The project can accurately be described as using AI/ML because it includes:

- ML-based computer vision through Google Cloud Vision Web Detection;
- local generative AI summarization through Ollama;
- classical computer vision face/person presence detection;
- algorithmic image similarity through perceptual hashing;
- rule-based evidence scoring for review triage.

The strongest and most accurate positioning is:

> Copyrighter is an AI/ML-assisted image rights review platform that automatically collects, compares, and summarizes source-linked evidence, while keeping final rights decisions under human operator control.
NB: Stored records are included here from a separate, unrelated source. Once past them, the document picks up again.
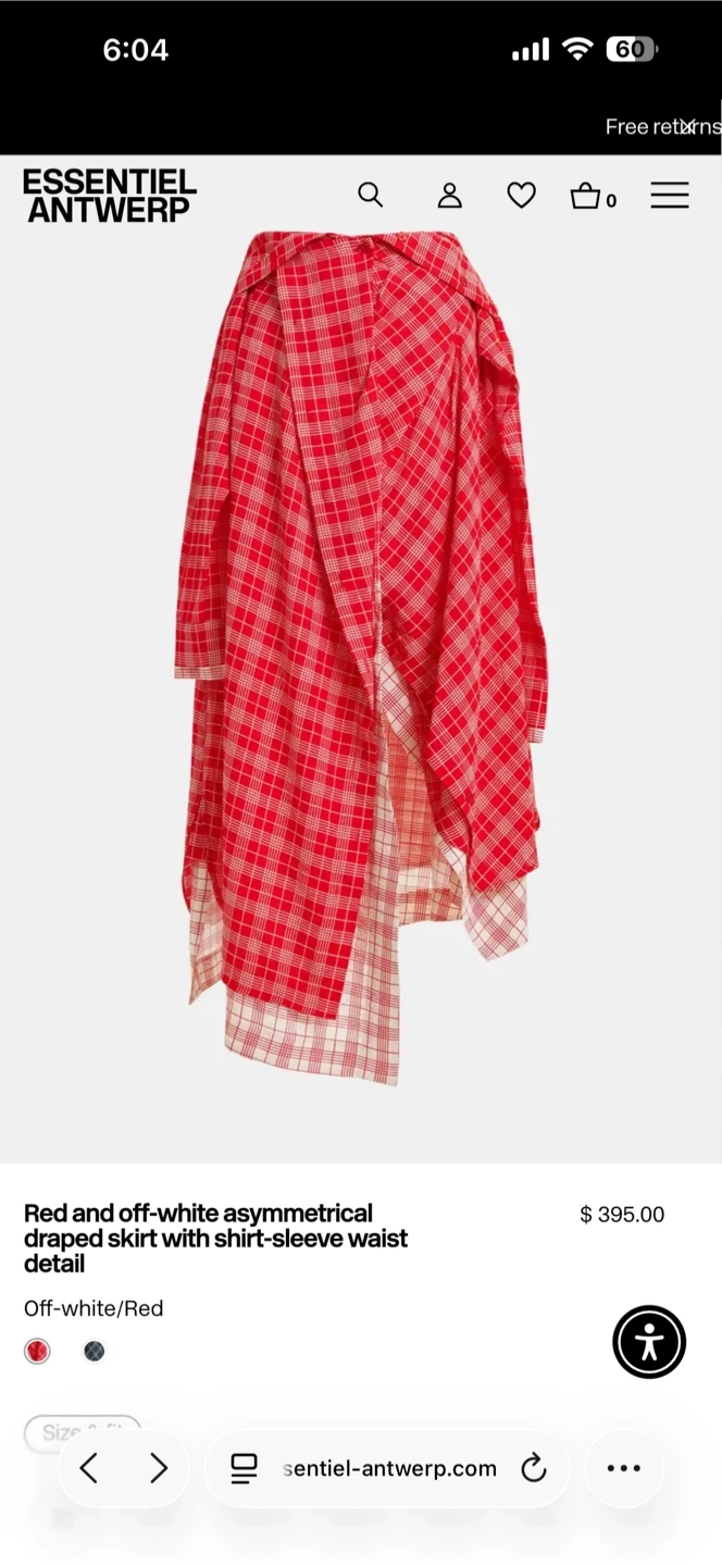 This Essentiel Antwerp skirt features a red and off-white asymmetrical plaid design. It has a draped silhouette and a shirt-sleeve waist detail. Polyester and viscose blend. I buy for 395 plus tax , I sell for 200. New
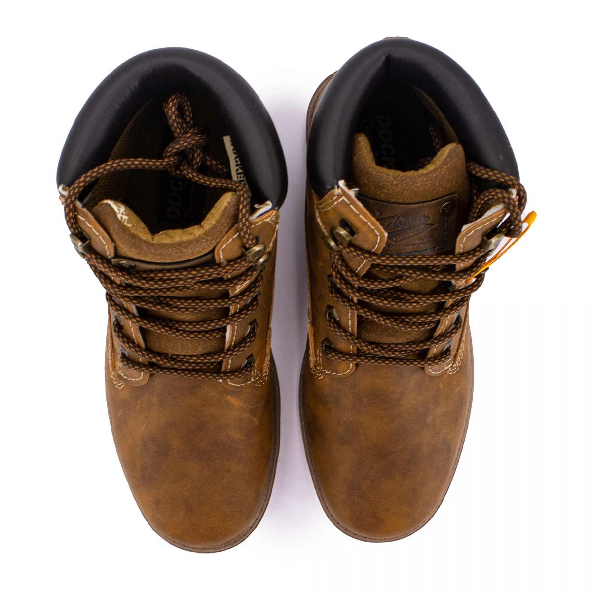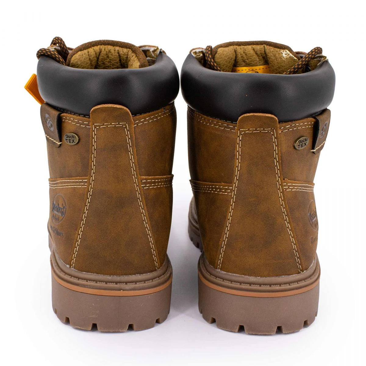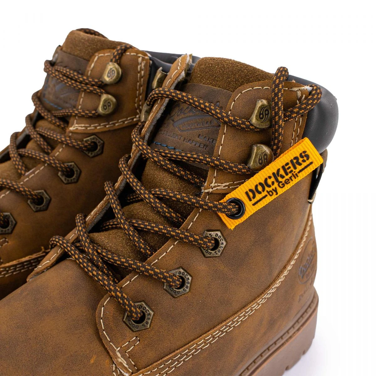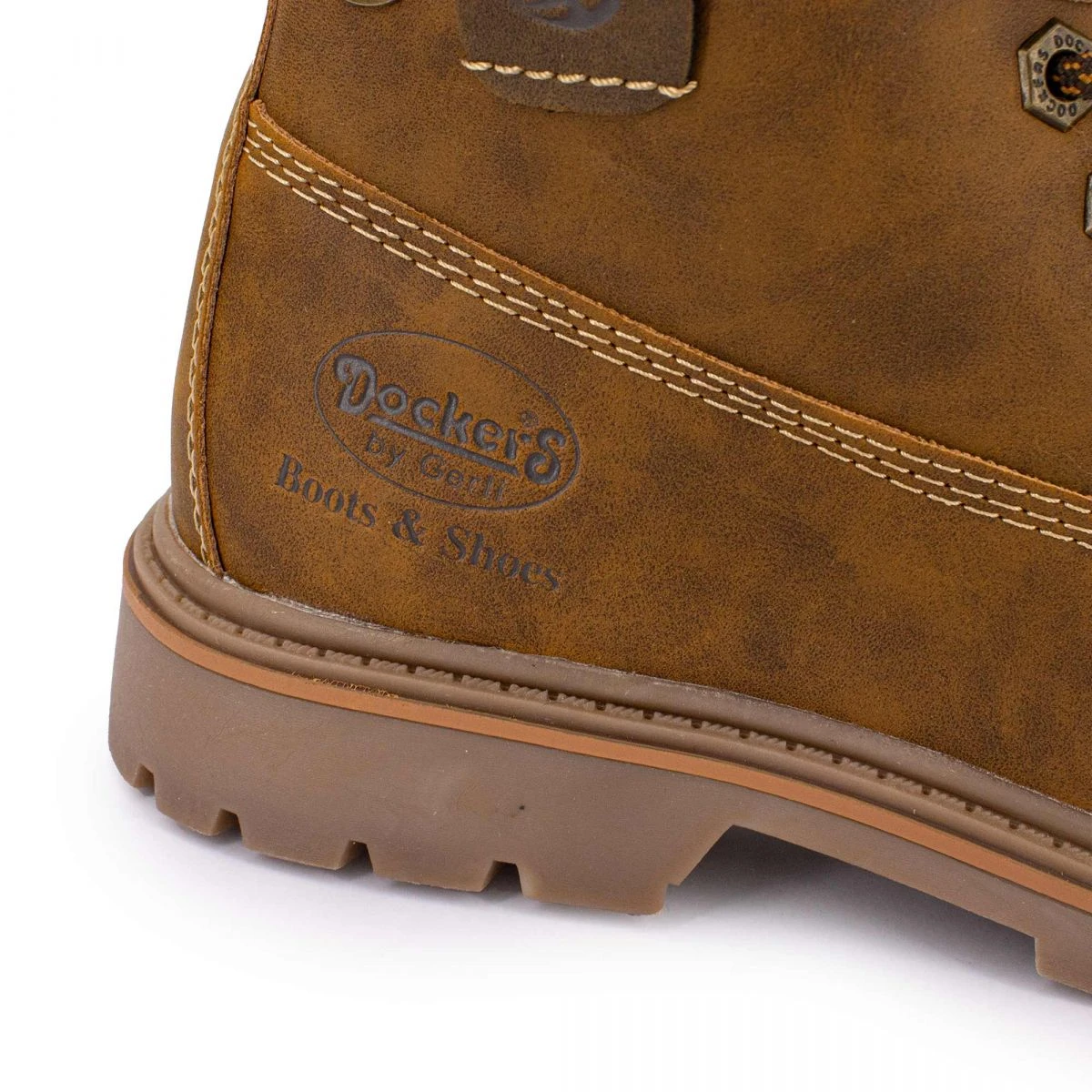 Dégriffstock vous propose cette paire de Bottines à lacets effet daim avec logo incrusté cognac pour homme de la marque DOCKERS BY GERLI à prix dégriffé.
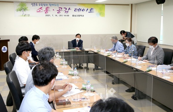충남고등학교(교장 최정수)는 7월 14일(수) 설동호 대전광역시교육감의 방문으로 충남고 교육 가족과 함께하는 ‘교육감과 함께 하는 소통·공감 데이트’ 시간을 가졌다고 밝혔다.
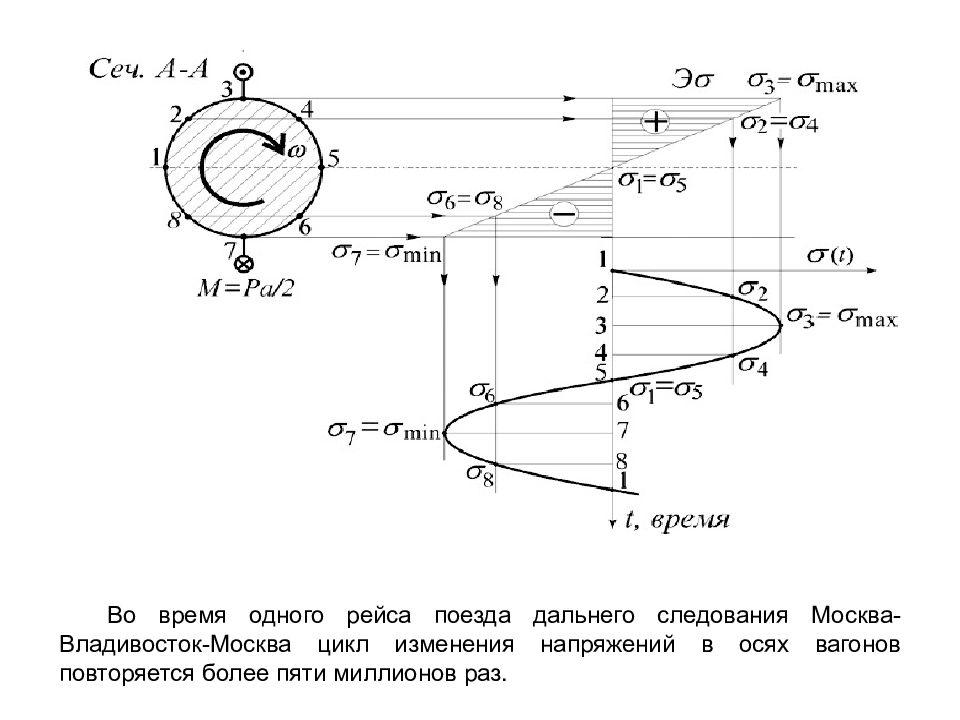 Во время одного рейса поезда дальнего следования Москва-Владивосток-Москва цикл изменения напряжений в осях вагонов повторяется более пяти миллионов раз.

## 15. Current Limitations

The system is a review-assistance platform, not a legal decision engine. Known limitations include:

- image similarity does not prove copyright ownership;
- search results can be incomplete, duplicated, stale, or misleading;
- weak labels and visually similar images are low-confidence signals;
- LLM summaries can only be trusted to the extent that the source evidence is complete and correctly linked;
- provider failures and quota limits must be visible to operators rather than silently treated as low risk.

These limitations are handled by surfacing evidence, source links, provider status, and manual operator controls in the UI.